As you can imagine, I am absolutely livid - well, probably 80%, the other 20% is wounded pride. There was no department before me and now NG is swanning around like queen bee - so much so that today she left me a list of things to do as I get in after the rollout meeting started and barely spoke to me when she did briefly come back to her desk.

I know that I’m being discriminated against but I’m really not sure what to do. Part of me feels that I shouldn’t rock the boat as I can hand my notice in in six months and they may try to start disciplinary action against me for my sickness absence if I do rock said boat but I am angry and I feel like I could well lose it if I don’t get it out. I do get on well with our HR manager (who as a bonus hates DM) so I just wondered if I should just speak to her and get it all on the record.

Further thoughts?

Either let them ill-treat you or you fight back.

If the latter go to an employment solicitor - someone who is familiar with Disrimination at Work and familiar with Constructive Dismissal in the Workplace.

Get him/her to write to the head of your organisation requesting clarification of what they are doing to you. Has NG been given your job? The solicitor will mention Discrimination and Constructive Dismissal and it’s something they’ll have to respond to and smething they will have to be very mindful of.

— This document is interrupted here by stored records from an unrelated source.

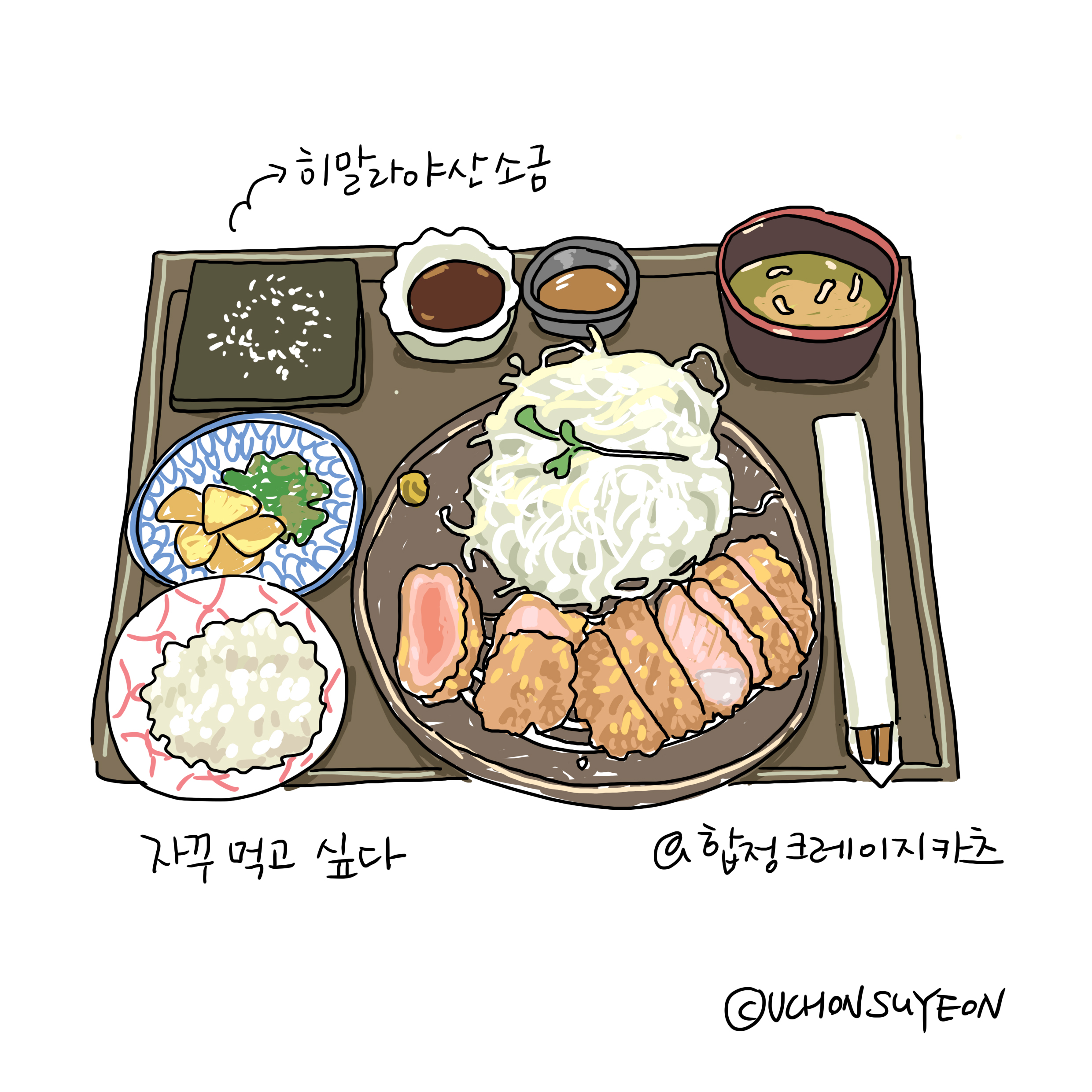 어쩌다 돈가스가 먹고 싶어서 검색 후에 간 곳이다. 일부러 찾아가는 곳은 드믄데, 이 곳은 정말 간간히 맛이 생각나서 간다. 그리고 부근에 손님이 오게 되면 이 곳으로 뫼시는 경우가 많다. 겸사겸사 나도 먹고. ㅎㅎ 정말 고기가 두툼하다. 겉바삭 속촉촉의 대명사다. 내가 먹어 본 돈가스 중에 단연 최고다. 히말라야산 소금을 찍어먹으라고 추천해주는데, 처음에는 이게 뭔 맛인가 싶다가 차츰 그 맛에 중독된다. 소스들도 맛이 과하지 않고 좋다.
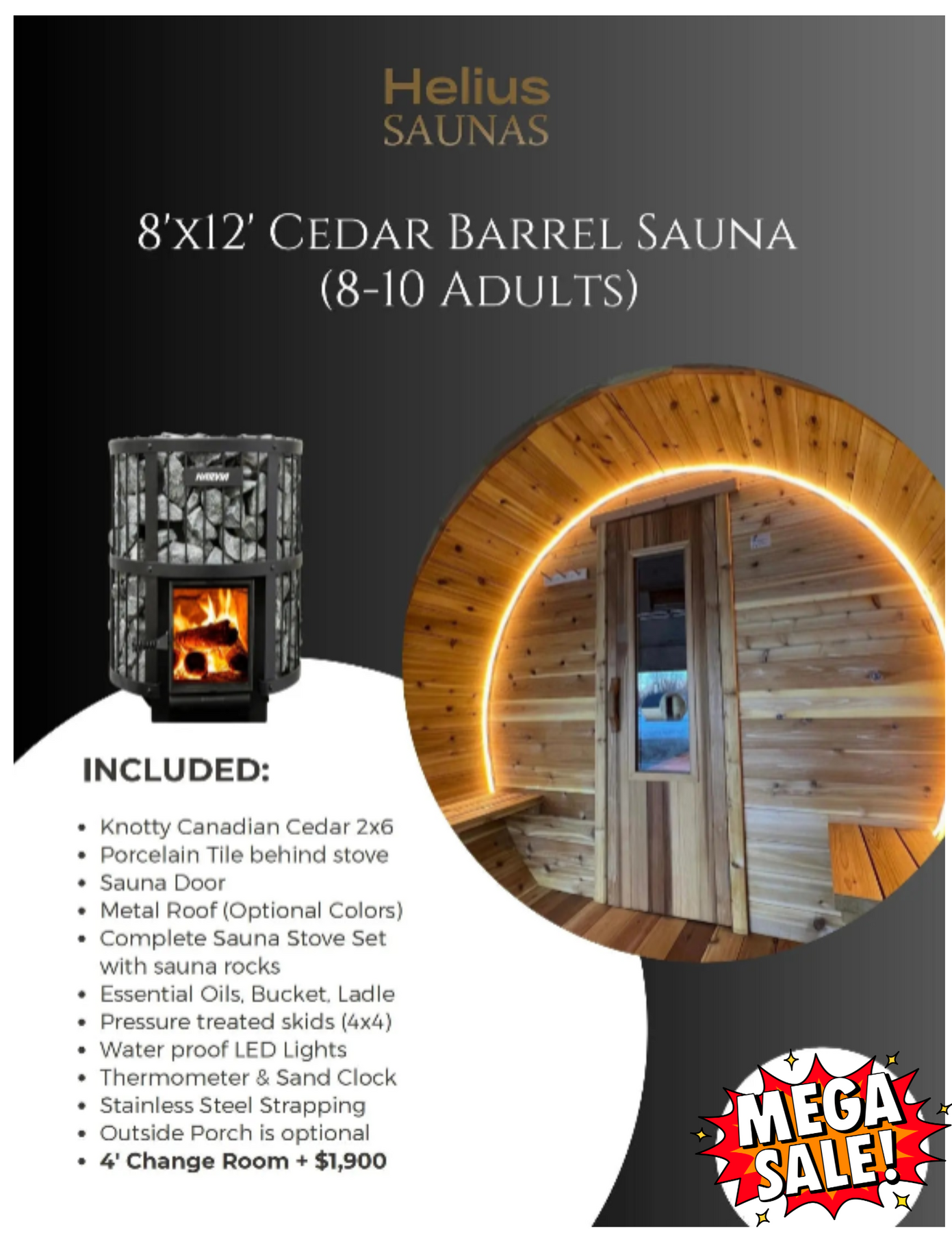 8'X12'CEDAR BARREL SAUNA(8-10 ADULTS)
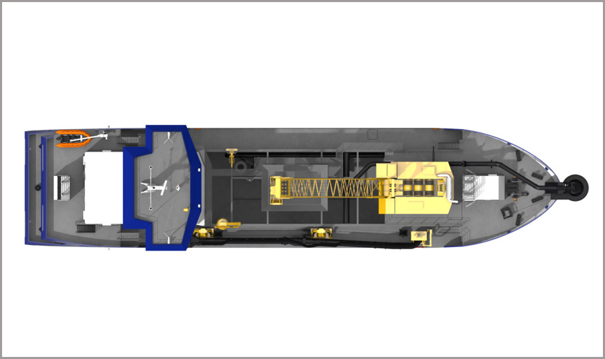 According to the construction project the vessels will have the necessary efficient equipment for dredging corresponding to the climatic conditions of the region where it is going to be used. To widen the field of application of the vessel during dredging with sharp sand and gravel and in limited areas near piers and berths, it is planned to equip all the vessels of this line with multi-functional suspended deep-well dredging pump of «DOP 200» type with a sealed, wearproof, space-saving dredging pump of high-capacity.

They cannot take disciplinary action for sickness absence.

OK, zetland - you were right. So sorry, TT, that they are such a nest of vipers. I have a bad image of the blank-eyed evil twins sitting side by side in their little shift dresses. I do fervently hope that neither has the arms for that. I am sure that you have your thoughts on the situation, TT, and mine aren’t printable either. Enjoy your weekend, and to pot with them both. Alison

With all due respect Zetland, I don’t think such an aggressive stance will help me although I admit that is usually my default position! Like I said, I’ve worked there for nearly nine years and plan to leave at the end of October this year. I really don’t want my last months to be difficult or to leave filled with bitterness about a place I’ve really enjoyed working. NG has not been given my job. As things were, I was my own team - NG joined as my assistant reporting to me. Over the months, file checking was added to our remit. As I believe things stand now, I’ve gone back to being on my own doing what I did before she joined - she is now heading up a separate part of the team and they will all be file checking. They can take disciplinary action as it’s in our contract although there is a caveat for disabled workers (reasonable adjustments etc) and it would be a long process. I do feel it is highly unlikely they would go down this route though.

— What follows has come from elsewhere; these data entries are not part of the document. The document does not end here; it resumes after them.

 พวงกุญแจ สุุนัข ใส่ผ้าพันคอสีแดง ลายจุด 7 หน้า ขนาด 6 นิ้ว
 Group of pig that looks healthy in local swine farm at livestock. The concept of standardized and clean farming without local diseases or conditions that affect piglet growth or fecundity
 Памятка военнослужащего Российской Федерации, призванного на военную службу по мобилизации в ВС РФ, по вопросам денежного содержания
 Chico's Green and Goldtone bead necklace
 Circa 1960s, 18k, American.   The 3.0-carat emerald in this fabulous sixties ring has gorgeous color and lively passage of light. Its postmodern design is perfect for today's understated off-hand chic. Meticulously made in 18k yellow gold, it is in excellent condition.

Alison, the bit about the arms did make me LOL!

Sadly, they are both skinny minnies

I intend to have a very chilled out weekend although, if things continue, I may have to invest in a punchbag or two voodoo dolls…in matching shift dresses natch! Have a lovely weekend :slight_smile:

Totally respect your position - clearly we are at opposite ends of the spectrum! It seems a pity to me that after working in a place for years doing agood job and being happy there you are now being discriminated against.

As a matter of interest read up about Constructive Dismissal -

TT, something that occurred to me was the risk that, in the name of ‘rationalisation and consolidation’ (or similar weasel words), you might find yourself reporting to NG some time soon! Surely they wouldn’t be that blatant… Worth keeping an eye on, though.